Le climat du sommet qui réunit lundi patronat et syndicats à l'Elysée, pour faire le point des mesures anti-crise, s'annonce sombre, après la décision de François Fillon de "réexaminer" les dépenses sociales, perçue comme "un plan de rigueur pendant trois ans" par les organisations syndicales.
Cette rencontre, qui ne portera pas sur les retraites, devrait déboucher sur la prolongation d'aides aux entreprises pour le soutien de l'emploi, arrêtées en février 2009. En revanche, les syndicats sont pessimistes sur la reconduction des aides aux ménages modestes et aux salariés précaires.
La réunion survient alors que les syndicats, en partie désunis, fourbissent leurs armes en vue de la révision, sans doute à la baisse, des régimes de pensions.

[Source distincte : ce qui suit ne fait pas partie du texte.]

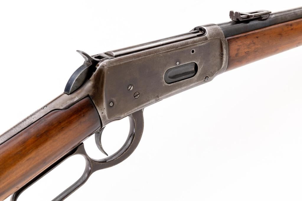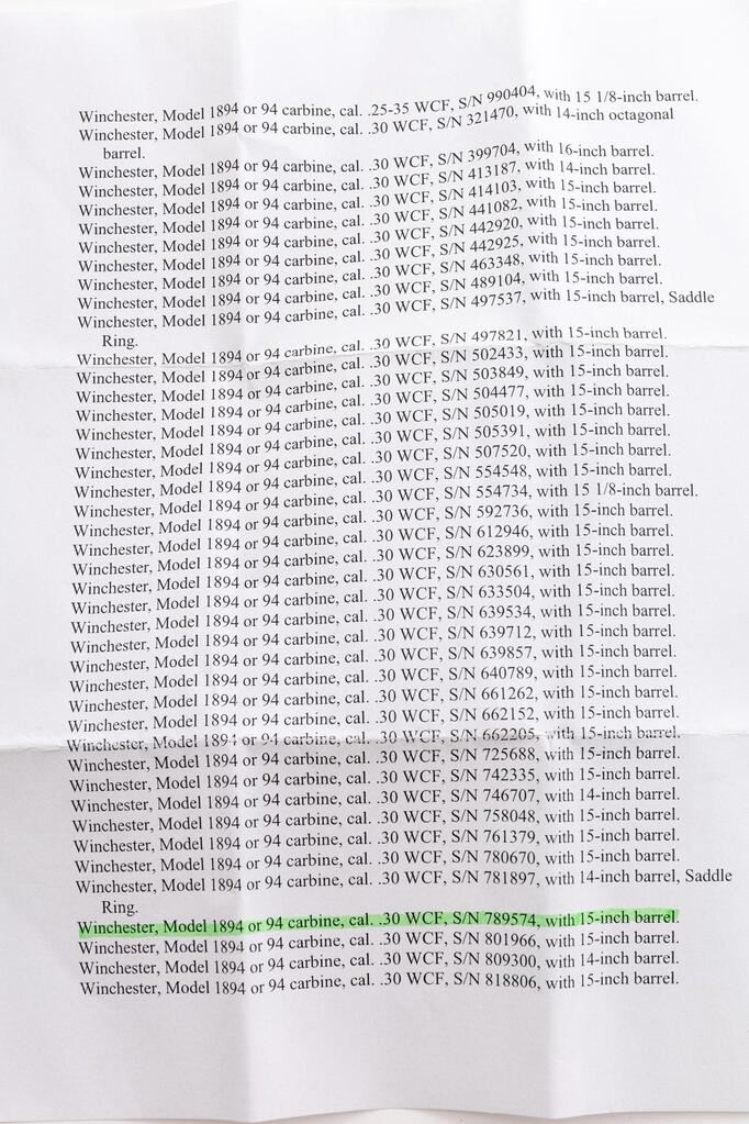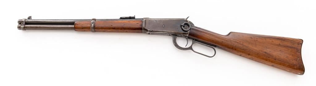 Very Rare Winchester Model 1894 "Trapper" Saddle-Ring Carbine, #789574, .30 W.C.F. (.30-30) cal., 15" round barrel, tall pinned blade front sight and ladder rear, marked with maker's name, address and 1894 patent date ahead of band, "Nickel Steel Barrel/Especially for Smokeless Powder" and caliber at breech; receiver has standard features and markings, saddle ring at left. Oil-finished walnut stocks, carbine buttplate. Mfg'd 1915. Condition is good retaining traces of barrel blue, 15% receiver blue, else smooth gray gunmetal with fine edges and markings. Stocks are sound and smooth having been sanded with finish added. Action is crisp, bore is bright with moderate frosting and sharp rifling. A rare and desirable Trapper carbine. (Rifle is listed by serial number as being removed from NFA and classified as C&R.) Est.: $3,500-$5,500. (C&R)

Cinq d'entre eux (CGT, CFDT, FSU, Solidaires et Unsa) ont annoncé jeudi une journée "de grèves et de manifestations" le 27 mai qui portera, outre les retraites, sur l'emploi et les salaires. FO a appelé séparément à "une grève interprofessionnelle" le 15 juin, uniquement sur les retraites.
Les Cinq réclament "une relance économique intégrant la satisfaction des besoins sociaux".

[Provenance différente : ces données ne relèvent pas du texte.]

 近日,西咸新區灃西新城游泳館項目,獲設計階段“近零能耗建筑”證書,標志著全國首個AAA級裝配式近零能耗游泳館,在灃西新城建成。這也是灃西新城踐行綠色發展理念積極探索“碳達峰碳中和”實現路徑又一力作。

Tout le contraire du programme de François Fillon. Sur fond de crise financière en Europe, le Premier ministre a affirmé jeudi que, pour réduire les déficits, les dépenses de l'Etat seraient "gelées en valeur" pour les trois ans à venir et que, entre autres, les aides sociales et à l'emploi seraient soumises à "un réexamen".
Pour les syndicats, c'est "un plan d'austérité" qu'ils "condamnent", alors que le redémarrage de l'économie n'est pas assuré.
Malgré la montée en puissance des contrats aidés et la stabilisation, au moins momentanée, du chômage, la situation de l'emploi demeure alarmante, avec quatre millions de personnes inscrites comme demandeurs, dont près de 1,4 million depuis plus d'un an.
Selon Pôle emploi, il faudra attendre 2011 pour voir diminuer le chômage. Encore ne ferait-il que revenir fin 2011 au niveau de fin 2009.
En outre, le "plan rebond" pour les chômeurs en fin de droits (formations, allocation exceptionnelle), doté de 705 millions d'euros apportés par l'Etat et l'assurance chômage, n'est pas encore opérationnel.
Les syndicats insisteront lourdement sur le renforcement nécessaire des moyens de Pôle emploi, où trop d'inscrits sont livrés à eux-mêmes, disent-ils.
Selon Gabrielle Simon (CFTC), le gouvernement veut prolonger le dispositif "zéro charges" pour les très petites entreprises et favoriser le maintien des séniors en entreprise en développant le tutorat.
Ce syndicat s'attend plutôt à une prolongation des aides aux employeurs recrutant un apprenti, "au moins pour passer le cap de la rentrée scolaire".
Mais la réduction d'impôts dont ont bénéficié plus de trois millions de foyers modestes en 2009 pourrait faire les frais de la rigueur.
"On n'est pas naïfs sur les objectifs du sommet, c'est plus un outil de communication", souligne Maurad Rabhi (CGT), qui réclame "des mesures fortes pour la consommation".
L'ensemble des syndicats continue aussi de demander la remise en cause de la loi favorisant les heures supplémentaires, dans une période de chômage élevé. "On a un nombre important d'entreprises qui ont fait un plan social et qui aujourd'hui utilisent les heures supplémentaires, c'est scandaleux", s'insurge François Chérèque.